Resolving to make this change I had another realization…. there were few resources available that I was aware of. That’s when I made a promise to myself. “If I get out of this, I will help other women in their struggle.” But I needed to fix myself first!

 

Journal Entry: “I was complaining, as usual lately, to Cooper about the kids yelling all the time. He said, ‘They do what they see. You yell at them, so why wouldn’t they yell at each other.’ That was like a slap in the face! Did I really yell at the kids all the time? If so, that has to stop!”

 

Over time, I was able to restart my heart, repair my holes, and refill my bucket. The tiny bit of hope I started with grew into fearlessness, desire, bravery, and strength. No one would ever take away my heartbeat again. Being me would have to be good enough for everyone in my life from that point on!

Reading through my journals has been an eye-opener. It hurt me deeply to read about the weaknesses I know I have and those pointed out by others. Hurting someone in any way was never my intention. My heart aches as I am reminded of the pain I caused. Seeking redemption through the Atonement, I beg for forgiveness and strive to improve every day. 

Until recently, I didn’t really realize how what I said came across. All it took was one patient and kind person to explain one thing to me which changed my perspective.
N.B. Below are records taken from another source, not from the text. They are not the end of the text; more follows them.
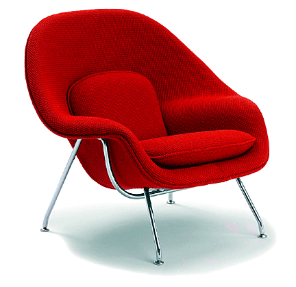 1946, the Womb chair and ottoman in 1948, the Womb settee in 1950, side
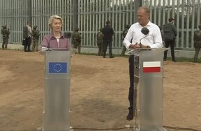 Председателят на ЕК нарече руския президент Путин "хищник, който трябва да бъде отблъснат". По думите ѝ с си в механизма SAFE България ще допринесе за целта на ЕС да произвежда 2 милиона снаряда годишно. Фон дер Лайен подкрепи проектите за изграждане на заводите за 155-милиметрови снаряди и барут в България: "До 1000 работни места ще бъдат открити тук, в Сопот, но също така ще се увеличи нашето производство на боеприпаси. Ще засилим колективната си сигурност, ще засилим сътрудничеството си в НАТО и ще подкрепим смелите украински войски. Това ще доведе до дългосрочен растеж за региона. Навсякъде в Европа ускоряваме производството, защото времената го изискват".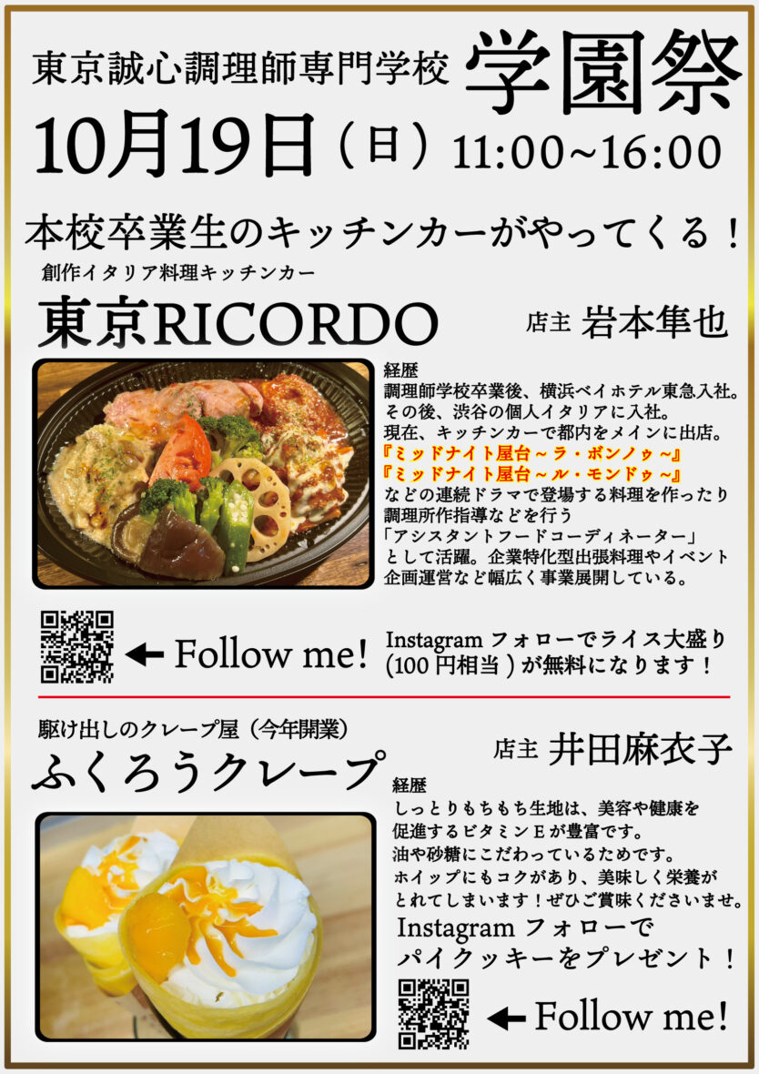 | イベント名 | 東京誠心調理師専門学校 学園祭 |

It helped me recognize how the tone of voice I use and the quickness in my replies have been felt by others. My counselor helped me see that I always feel a need to be right and often act like I know everything. This, he says, comes from trauma and manipulation.  However, it is my fault, and I am glad to finally be aware of what I need to do to change.

We can’t see ourselves from the perspective of others unless they constructively tell us. Criticizing and manipulation is mental abuse and will not get a person to see themselves differently. It’s a great way to hurt their feelings, but it won’t help them change. Putting someone down, making them feel bad, humiliating them, playing mind games, making them feel guilty, or telling them they are crazy is abuse in the form of power and control. (If you need help, contact the National Center of Domestic and Sexual Violence. www.ncdsv.org)
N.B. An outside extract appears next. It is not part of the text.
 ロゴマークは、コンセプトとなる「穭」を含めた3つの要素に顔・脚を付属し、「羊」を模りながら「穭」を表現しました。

Good communication is essential and needs to be practiced. I’ve learned that I’ve been bad at it my entire life. I’m genuinely grateful for the person who took a few minutes to explain their perspective to me in a way that helped me instead of tearing me down. 
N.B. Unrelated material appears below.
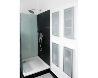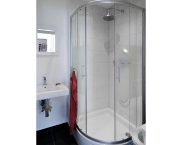 und ein Gästebad mit Dusche und WC sowie Waschmaschinenanschluss.

My intention in sharing stories about Cooper is not to hurt him or make a laundry list of things I feel he did to contribute to my complicated life. All of my experiences made me who I am and I wouldn’t change a thing! My hope is that they will help at least one person not feel alone and find hope.

As they say, there are two sides to every story. I’m sure Cooper could also say that he feels I have hurt him. I am aware of this and pray regularly for forgiveness and a change of heart for us both. Since I can’t see myself through his eyes, I’m not sure what he may feel that I have done. After reviewing the last 15 years of my journals, I can imagine what some of them are as I admit I wasn’t always at my best.

Forgiving Cooper has been very freeing! It’s not something I did just once. I’ve had to repeatedly and continually forgive as memories return or new experiences cause anger or pain. At first, it was hard, but as time went by, it became easier. I pray someday Cooper will find it in his heart to forgive me as I have forgiven him. I genuinely have compassion for him and pray he will find joy and happiness in his life.